QLoRA with torchao

Quantize the base model with torchao instead of bitsandbytes for compile-friendly, FSDP2-native LoRA/QLoRA.

Background

bitsandbytes is the historical backend for QLoRA in Axolotl. It works well in single-GPU and FSDP1 setups, but its 4-bit kernels graph-break under torch.compile and its Params4bit storage needs custom patches to cooperate with FSDP2.

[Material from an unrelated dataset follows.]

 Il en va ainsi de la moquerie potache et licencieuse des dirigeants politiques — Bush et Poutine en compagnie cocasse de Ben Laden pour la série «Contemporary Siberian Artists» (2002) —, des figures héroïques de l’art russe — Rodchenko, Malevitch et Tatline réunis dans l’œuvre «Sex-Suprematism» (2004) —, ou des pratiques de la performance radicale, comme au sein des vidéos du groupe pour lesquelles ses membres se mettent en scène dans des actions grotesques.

torchao provides tensor-subclass quantization (AffineQuantizedTensor, NF4Tensor) that:

  • compiles cleanly with torch.compile (no graph breaks for INT4/INT8 weight-only quant);
  • ships native FSDP2 support via DTensor;
  • shares its codebase with QAT / PTQ.

Axolotl exposes both backends via the structured model_quantization_config field, which discriminates on the backend name.

Usage

model_quantization_config is a structured discriminator: set exactly one of bnb / torchao / mxfp4 / fp8. The adapter type is auto-detected from the dtype, so users can write adapter: lora and the validator promotes it to qlora for 4-bit dtypes.

# torchao QLoRA (auto-promotes adapter to qlora for int4 / nf4 / nvfp4)
adapter: lora
model_quantization_config:
  torchao:
    weight_dtype: int4     # one of: int4, nf4, nvfp4, int8, fp8
    # group_size: 128      # defaults: int4/int8 → 128, nf4 → 64, nvfp4 → 16
# bnb QLoRA shorthand (replaces `adapter: qlora` + `load_in_4bit: true`)
adapter: lora
model_quantization_config:
  bnb:
    weight_dtype: nf4      # qlora + load_in_4bit
# bnb 8-bit LoRA shorthand
adapter: lora
model_quantization_config:
  bnb:
    weight_dtype: int8     # lora + load_in_8bit
Backend weight_dtype Effective adapter Quant config installed
bnb nf4 qlora BitsAndBytesConfig(load_in_4bit=True)
bnb int8 lora BitsAndBytesConfig(load_in_8bit=True)
torchao int4 qlora Int4WeightOnlyConfig
torchao nf4 qlora NF4WeightOnlyConfig
torchao nvfp4 qlora NVFP4WeightOnlyConfig
torchao int8 lora Int8WeightOnlyConfig
torchao fp8 lora Float8WeightOnlyConfig

Deprecations

There is only one canonical shape for base-quant LoRA training:

adapter: lora
model_quantization_config:
  bnb:                          # or torchao / mxfp4 / fp8
    weight_dtype: nf4

The following legacy shapes keep working — they are translated to the canonical form at config load and emit a DEPRECATED: warning. They will be removed in a future release:

  • adapter: qlora (with or without load_in_4bit: true) → adapter: lora
    • model_quantization_config: {bnb: {weight_dtype: nf4}}. QLoRA is just “LoRA with a 4-bit base quant”; there is no separate adapter type.
  • load_in_4bit: true (alone) → model_quantization_config: {bnb: {weight_dtype: nf4}}.
  • load_in_8bit: true (alone) → model_quantization_config: {bnb: {weight_dtype: int8}}.
  • model_quantization_config: Mxfp4Config (string) with model_quantization_config_kwargs: …model_quantization_config: {mxfp4: {config_kwargs: …}}.
  • model_quantization_config: FineGrainedFP8Config (string) → model_quantization_config: {fp8: {config_kwargs: …}}.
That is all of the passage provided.